- Palung Location in Nepal
- Coordinates: 27°39′N 85°04′E﻿ / ﻿27.65°N 85.07°E
- Country: Nepal
- Pradesh: Bagmati Province
- District: Makwanpur
- Area: Thaha Municipality

Government
- • Mayor: Lav Sher Bista

Population (2011)
- • Total: 5,603
- Male Population: 2,619 Female Population: 2,984
- Time zone: UTC+5:45 (Nepal Time)
- Postal Code: 44110
- Area code: 057

= Palung =

Palung (पालुङ्ग) is an ancient village development committee (Nepal) in Thaha Municipality in Makwanpur District in the Bagmati Province of Nepal. At the time of the 2011 Nepal census it had a population of 5,603 people living in 1,236 individual households.

==Media==
To Promote local culture and development Palung has two FM radio stations namely Radio Palung 107.2 MHz, is a community radio station and Radio Aawaj 88.8 MHz is a private radio station. The former is the first community radio station of Makwanpur district. In addition to electronic media, Shantipur daily newspaper and weekly newspaper Bikash Kharpatrika and Thaha Darshan are in publication.

=== Education ===
Palung, now Thaha municipality is one of the leading education center in northern part of Makwanpur district.
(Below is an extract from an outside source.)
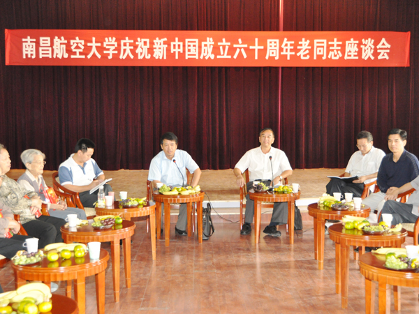 启航网讯 9月28日上午,上海路校区老干部活动中心里洋溢着欢乐和谐的气氛,南昌航空大学庆祝新中国成立60周年老同志座谈会在这里召开。这是我校“在建国六十周年之际开展走访慰问活动”的系列活动之一。校长余欢、副校长夏立先与我校离休干部和建老人员代表欢聚一堂,共话发展,喜迎国庆。校党委组织部、宣传部、党政办、离退休处相关负责同志和工作人员会谈时在座。座谈会由夏立先副校长主持。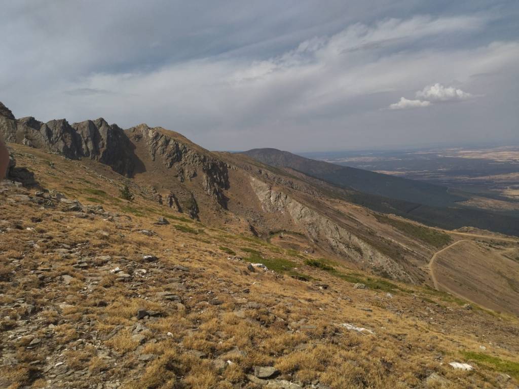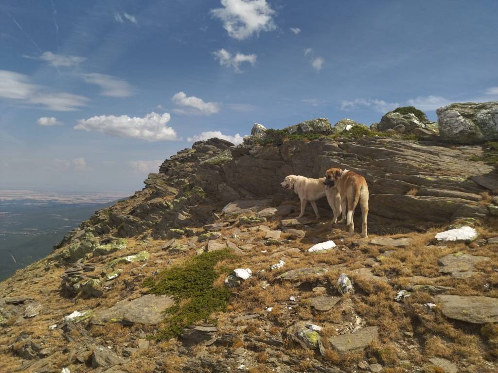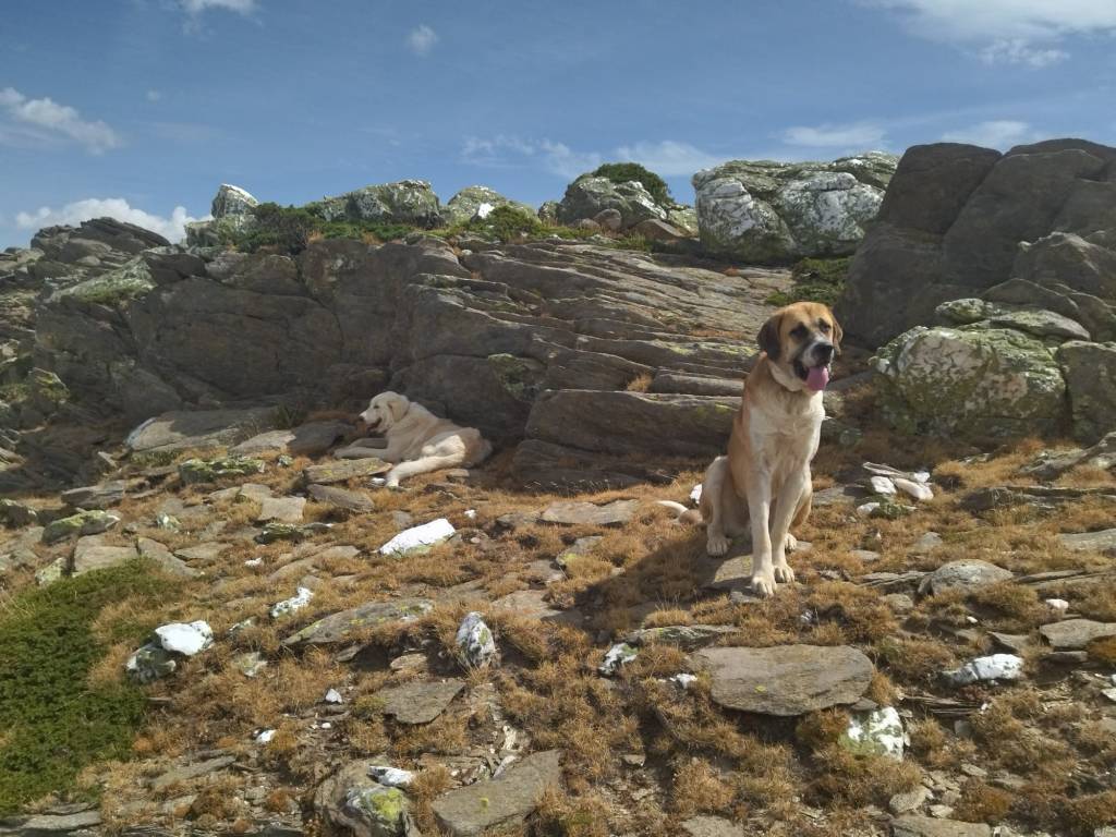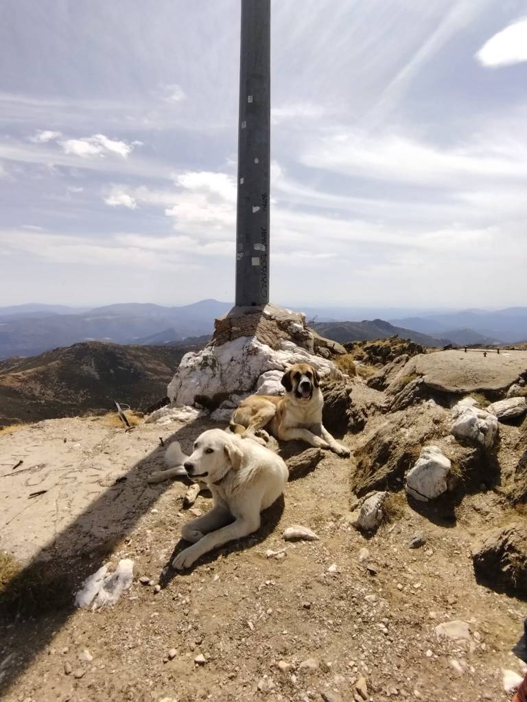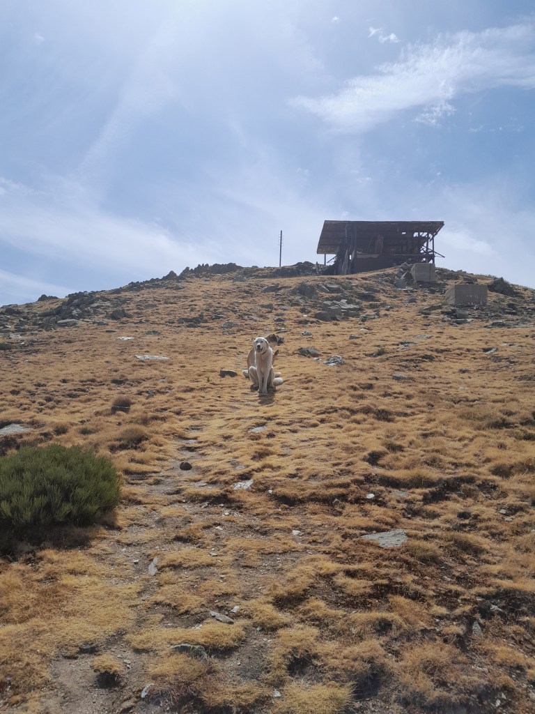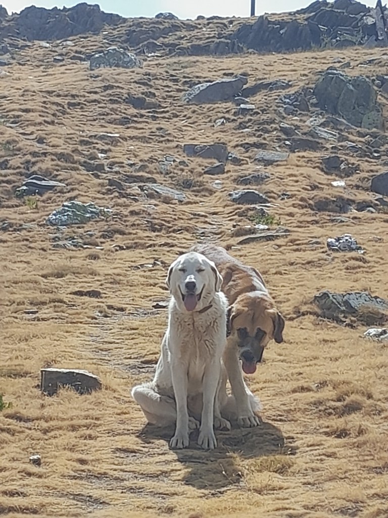 We lunchen kort gezien het naderende onweer. Als we vertrekken volgen de twee lobbussen in ons spoor. Niet omdat we zo leuk zijn maar omdat we ze net een pak salami hebben gevoerd. Wat doen de dieren op de top? Loopt er ergens een herder rond? Zijn het spookhonden die hier rond de top huizen?

This is enriched with Palung multiple campus, Janakalyan Higher Secondary School, Bajrabarahi Higher Secondary School, Jhamkeshwori Secondary School, Matsyanarayan Secondary School and Sunaula Secondary School providing higher-level education from government sector whereas Himalayan English Boarding School, Palung Modern Secondary School, Palung English School, Palung Valley Heart Academy providing secondary level education as private institutions.